Пишут. Скрипят. Прилежная многорукая рабыня. Он посмотрел на спасённого им Сидоревича: тот ковырялся в ухе. Заметил его беспощадные глаза, неохотно взял ручку. Зачеркал, мучая мерзкие свои прыщи.
«Ай! Я не знаю, что писать!» — захныкала, вылепив из губ розовое пирожное, Каштанка, что сидела перед ним. Бросила ручку — и почему школьные ручки так дребезжат, падая на стол? — плоско, пусто, подленько. Бросила, отвернулась, а у самой уже целая страница готова. Не знает она… Всё они знают, эти несовершеннолетние совершенства.
Заскрипели, притихли, засопели.
2.
Больше всего в школе его удивило, что он снова стал Олегом Ивановичем. Как же легко делает карьеру твоё собственное имя. Школа — учреждение для нищих аристократов, работаешь за копейки, зато каждый день имеешь приставку-отчество, не хуже чем «фон», и на её фоне кажешься себе не таким уж и мизерным. Здравствуйте, Идальго Иванович, как ваши дела, Орех Бонвиванович, пожалуйста, Морпех Бананович, не ставьте мне пять.
Он вёл уроки, как врач: не позволял себе крика, не сюсюкал, не жаловался и не жалел. Просто делал свою работу. Со своими учениками он заключил неписаный договор — с ним они говорят по-белорусски, кто как умеет, но вроде бы по-белорусски, а он не поправляет и не снижает за язык оценок. Они, конечно, не умели, они были из того поколения, для кого белорусский был скорее вторым иностранным, чем модным да полуродным, но потихоньку игра их захватила. Возможно, они его даже любили и немного жалели — как и полагается пациентам нервного, усталого, но хорошего и внимательного врача, который взялся за безнадёжное дело. Они знали, что ему их не излечить. Но он лечил, как будто ему и правда всё это было важно.
Ему? Важно? Да плевать он хотел. И на них, и на их родителей. Работа нужна, чтобы оплачивать удовольствия. А удовольствий в его жизни осталось немного.

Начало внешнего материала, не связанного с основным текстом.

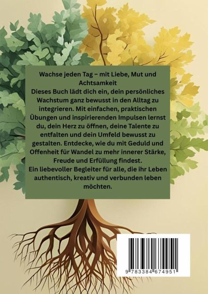 Das Buch "Wachse jeden Tag" handelt davon, wie du dein persönliches Wachstum bewusst in deinen Alltag integrieren kannst. Es zeigt dir Schritt für Schritt, wie du mit einfachen und praxisnahen Übungen sowie inspirierenden Impulsen dein Herz öffnest, deine Talente entfaltest und dein Umfeld bewusst gestaltest. Das Buch unterstützt dich darin, Achtsamkeit, Selbstentfaltung, innere Stärke, Geduld und Offenheit für Wandel zu entwickeln.Es ist kein theoretisches Werk, sondern ein praktischer Begleiter, der dich motiviert, deine persönliche Entwicklung liebevoll und nachhaltig zu gestalten. Du lernst, dich selbst besser kennenzulernen, Rückschläge als Chancen zu sehen, echte Verbundenheit zu fördern und deinen eigenen Weg authentisch zu gehen. So hilft dir das Buch, mehr Freude, Selbstbewusstsein und Erfüllung in dein Leben zu bringen und dein volles Potenzial zu entfalten.Kurz gesagt: Dieses Buch ist für alle, die ihr Leben mit Liebe, Mut und Achtsamkeit wachsen lassen wollen und dabei praktische Werkzeuge im Alltag suchen.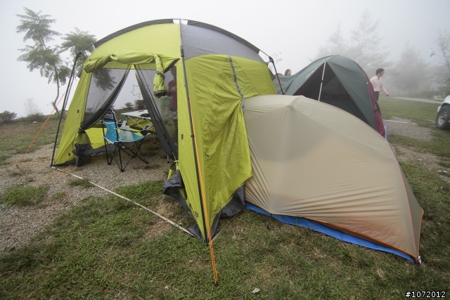 那是一頂迪卡儂的 Family 4.2 的 4人帳裡面有一個小客廳,我們家小朋友稱它是 "蝸牛窩" (有像嗎 ?)這次添加了一頂 5*8 的天幕(第一次搭天幕,粉遜),把它整個給包起來,因為它的尺寸就來到 4.95 *2.25來兩張圖跟大家分享。

Вики, виски, Вильнюс — вот и весь набор. Эту триаду можно было воспринимать как veni, vidi, vici или как Kinder, Küche, Kirche, в зависимости от настроения и обстоятельств.
Ежедневно, отправляясь в свою школу, он просматривал объявления на сайтах рабочих вакансий. Прежде всего, разумеется, в разделах вроде «Искусство, развлечения, масс-медиа». Стране были нужны тренд-вотчэры — и это звучало как порода собак. Собачки должны были вынюхивать модные вещи в магазинах США и в зарубежных блогах и владеть английским на уровне Upper. Нет, это не для него. Куда ему, дворняге. Кто-то искал копирайтер-пиарщика 80-го уровня. Что нужно пиарить, объяснять не стали. Какая разница. Копируй, пей, неистовствуй и не парься. Сети магазинов «Рублёвский» был позарез нужен культорганизатор: «инициативность, харизматичность, креативность, активная жизненная позиция». Последнее особенно пугало. Быть в ответе за суровый отдых сотни доверенных тебе колбасников, кассирш и грузчиков и развлекать их своей активной жизненной позицией — это было похуже школы. Хотелось бы посмотреть, как они испытывают кандидатов на харизматичность. Ну что, парень, насмеши нас. Обаяй и наеби, да так, чтобы никто не заметил. Харя-то у тебя не больно харизматичная…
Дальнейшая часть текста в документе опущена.